Great piece - thanks for writing it. So much of the confusion around this in the industry comes down to definitions of both TV and YouTube - a lot of synecdoche and metonymy going on.
TV can means so many things. The box, the audience behaviour, the familiar forms and formats, the length, the production quality/cost, the tone/style. In the earlier days of creating hit YouTube videos in a media company environment, we’d constantly be warning production companies off “making it too TV”, while our videos got longer and longer and our percentage of watch time happening in the living room rocketed up (30% at last count).
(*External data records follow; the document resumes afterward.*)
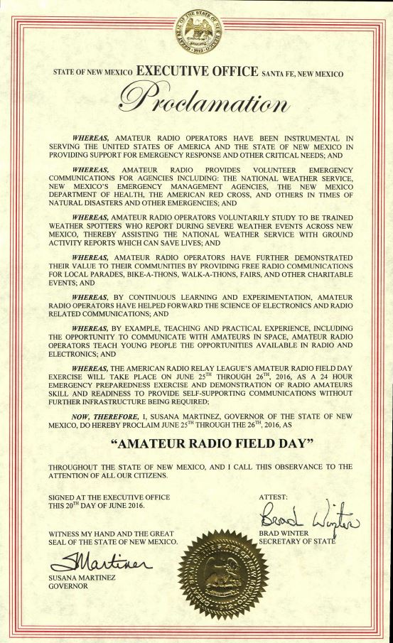 New Mexico Gov Susana Martinez recognized June 25-26 as “Amateur Radio Field Day.” Her proclamation cited Amateur Radio’s role in emergency and public service communication. “By continuous learning and experimentation, Amateur Radio operators have helped forward the science of electronics and radio-related communications,” the proclamation said, “and, by example, teaching and practical experience, including the opportunity to communicate with amateurs in space…”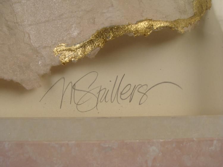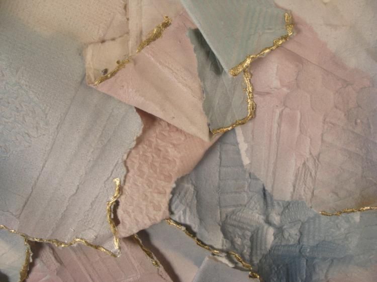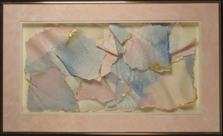 This large artwork is composed of carefully folded pieces of hand made paper, embossed with various patterns, some trimmed in gold painted edges. It creates a soft and welcoming feel for any room. Artist: M. Stillers Medium: Hand made paperFraming: Double matted in white and pink in deep set gold tone metal frameFrame size: 30 1/2 x 50 inchesCondition: Excellent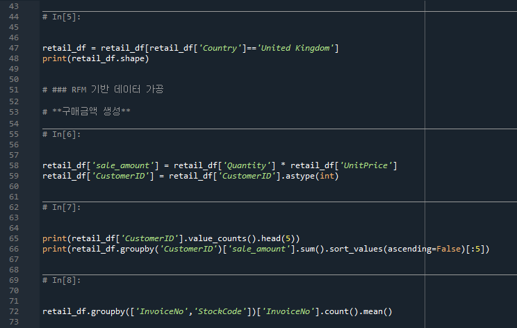 - 84줄: InvoiceDate는 가장 최근의 날짜(max), InvoiceNo는 동일인이 몇번 주문했는지(count), sale_amount는 총구매금액의 합을 의미한다.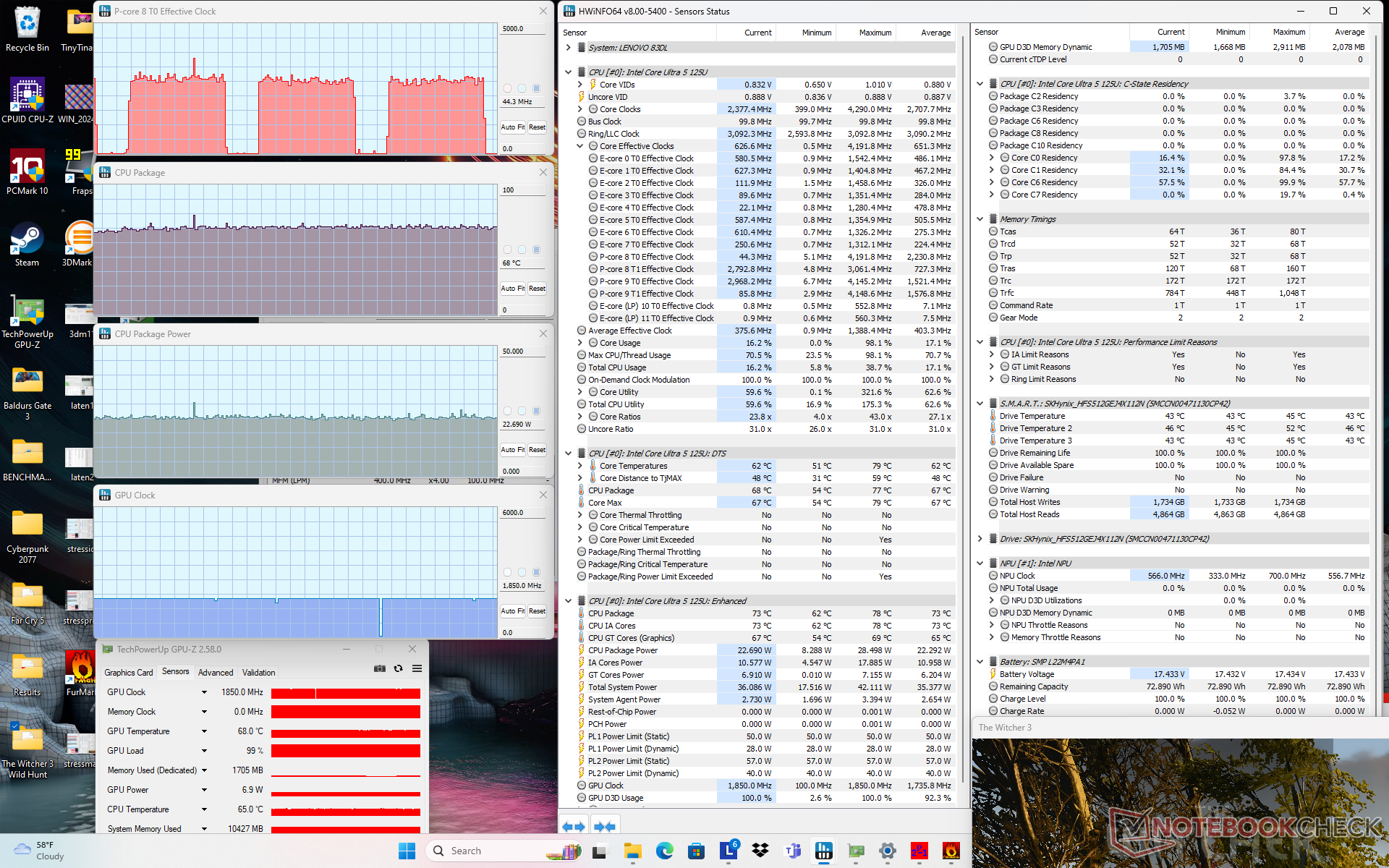 Als u Witcher 3 met een hoge belasting zou 30 W verbruiken, vergeleken met 44 W op het 2023 model. Als u bedenkt dat onze geïntegreerde Arc 4 vergelijkbaar presteert met de oudere Iris Xe 96 EU's, is de winst in prestaties-per-watt aanzienlijk en een hoogtepunt van de Meteor Lake serie. De energiebesparingen komen overeen met het over het algemeen stillere ventilatorgeluid en de langere batterijlevensduur, zoals vermeld in hun respectieve secties.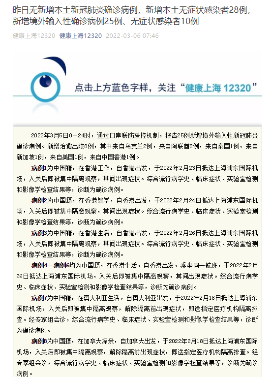 荔枝新闻讯 据“健康上海12320”微信号消息,2022年3月5日0—24时,通过口岸联防联控机制,上海报告25例新增境外输入性新冠肺炎确诊病例。新增治愈出院8例,其中来自乌克兰2例,来自阿联酋2例,来自泰国1例,来自新加坡1例,来自美国1例,来自中国香港1例。

On really robust and well-programmed channels there was space for more “YouTube-y” stuff and “show-shows”, which were both valuable and performed really different roles in terms of bringing people in and developing loyalty.
The big mistake people make is under-analysing the line to goal. Making a season of a “TV show” and bunging it on YouTube is a terrible plan. Taking a YouTuber and crowbarring them into something from the world of “traditional”, often hoping they’ll “bring their audience with them” is a miserable, if well-trodden, path.
Traditional TV does wild numbers on YT, it has to be said. Trillions of views. All of the biggest parent properties by monthly views (excluding shorts) are primarily making content first for television. The content just performs radically differently because of how established behaviours are and how discovery works. Indian, Pakistani, Bangla, Vietnamese, Mexican & Korean soaps and dramas are massive. Kids “shows” of course, but animation of all kinds gets trillions too. Talent formats from TV do hundreds of billions - both in their full form and cut-down to individual performances & auditions. TV-length docs can get tens of millions of views each, but with wildly different paths to high viewership compared to cable or streaming platforms. A Michelle Khare or Cleo Abram’s approach is totally based on making SHOWS. A show like Taskmaster can succeed with international viewers entirely through YouTube without a second thought.
It ends up getting philosophical - most conversations about YouTube on TV or TV on YouTube or one becoming the other don’t establish what they mean by either term. Are we talking about how it feels? How it looks? How long it is? Who’s in it? Who’s in creative control of it? How it’s discovered? Where people watch it? Millions of dollars of utter folly have been spent on that confusion and many millions more will be wasted all for the want of some grown-up clarification.